*HOW TO COMPLETE THIS TASK:*
Without the images, repeat every line of the listing exactly.

*DATA UNDER STUDY:*
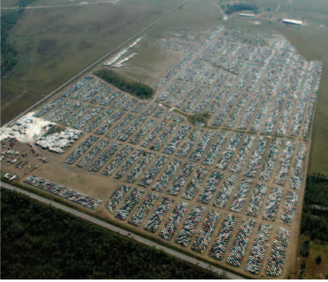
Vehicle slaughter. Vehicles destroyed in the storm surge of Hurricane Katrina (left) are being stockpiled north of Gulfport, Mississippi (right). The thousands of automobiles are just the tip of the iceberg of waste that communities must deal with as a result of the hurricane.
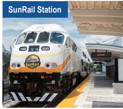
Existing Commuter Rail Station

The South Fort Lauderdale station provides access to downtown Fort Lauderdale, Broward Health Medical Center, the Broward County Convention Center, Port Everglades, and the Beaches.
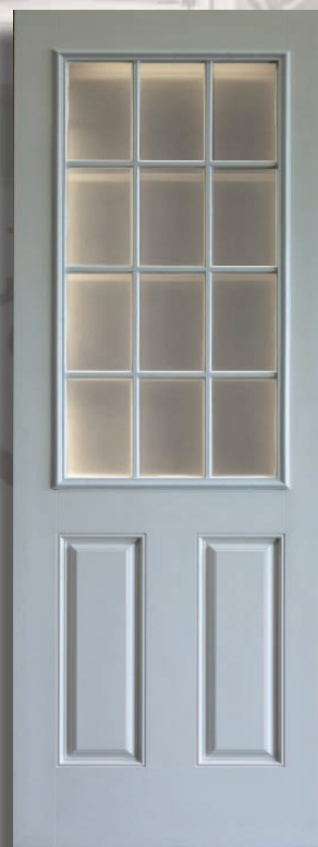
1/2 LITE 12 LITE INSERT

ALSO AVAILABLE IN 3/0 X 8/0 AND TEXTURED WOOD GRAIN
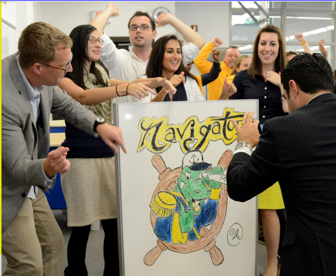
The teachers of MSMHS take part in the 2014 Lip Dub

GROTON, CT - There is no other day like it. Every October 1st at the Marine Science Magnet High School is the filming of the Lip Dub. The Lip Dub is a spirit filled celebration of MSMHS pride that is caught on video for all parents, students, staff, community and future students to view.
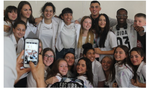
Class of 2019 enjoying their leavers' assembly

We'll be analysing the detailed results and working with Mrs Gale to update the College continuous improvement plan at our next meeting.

*THE ANSWER:*
Vehicle slaughter. Vehicles destroyed in the storm surge of Hurricane Katrina (left) are being stockpiled north of Gulfport, Mississippi (right). The thousands of automobiles are just the tip of the iceberg of waste that communities must deal with as a result of the hurricane.
Existing Commuter Rail Station

The South Fort Lauderdale station provides access to downtown Fort Lauderdale, Broward Health Medical Center, the Broward County Convention Center, Port Everglades, and the Beaches.
1/2 LITE 12 LITE INSERT

ALSO AVAILABLE IN 3/0 X 8/0 AND TEXTURED WOOD GRAIN
The teachers of MSMHS take part in the 2014 Lip Dub

GROTON, CT - There is no other day like it. Every October 1st at the Marine Science Magnet High School is the filming of the Lip Dub. The Lip Dub is a spirit filled celebration of MSMHS pride that is caught on video for all parents, students, staff, community and future students to view.
Class of 2019 enjoying their leavers' assembly

We'll be analysing the detailed results and working with Mrs Gale to update the College continuous improvement plan at our next meeting.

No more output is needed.